The overwhelming weight of evidence suggests that the substance NAF-AO is not likely to be acutely toxic via the oral route.

Acute dermal toxicity

A GLP compliant study (OECD 402) has been conducted on the acute dermal toxicity endpoint using NAF-AO in form of its technical product Novares TL 10.

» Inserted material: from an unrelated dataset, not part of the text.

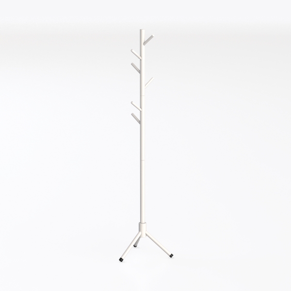 Designed with nature-inspired simplicity, its slender form mimics a young tree with graceful branches. Crafted from smooth, matte white metal, the surface feels cool to the touch, while clean lines create a lightweight, airy visual appeal. Perfect for modern minimalism or Scandinavian spaces, it fits seamlessly in entryways or bedrooms, complementing neutral tones and wooden accents. The three angled hooks easily hold coats, bags, and hats, with a stable triangular base ensuring no wobbling, blending utility and understated elegance.

No deaths were recorded. As such it can be concluded that the hydrocarbon mixture has a low acute dermal toxic potential. The LD50 in the study was greater than 2000 mg/kg bw, and no significant treatment related toxicities were seen.

Acute inhalation toxicity

A GLP compliant study was conducted using NAF-AO (technical product Novares TL 10) as an aerosol via the inhalation route. More than 70% of the aerosol was respirable (MMAD < 4 µm). No animal deaths were observed during the study. The LC50 was greater than 5.14 mg/L. No significant toxicity was noted.

Overall, the acute toxicity of the substance NAF-AO in its different forms is very low. No mortality was observed in limit tests according to OECD TG for the oral, the dermal, and the inhalation route. Only at a very high oral dose in an old pre-GLP, pre-guideline test in the range of 15,000 mg/kg bw, 30% mortality was observed. Limit values are exceeded manifold in this test. This low percentage of dead animals confirms the low acute toxicity of the substance NAF-AO.

Justification for classification or non-classification

Since both, acute oral and dermal toxicity values are greater than 2000 mg/kg bw and the acute inhalation toxicity value is above 5 mg/L, classification according to Regulation (EC) No 1272/2008 (CLP regulation) is not required.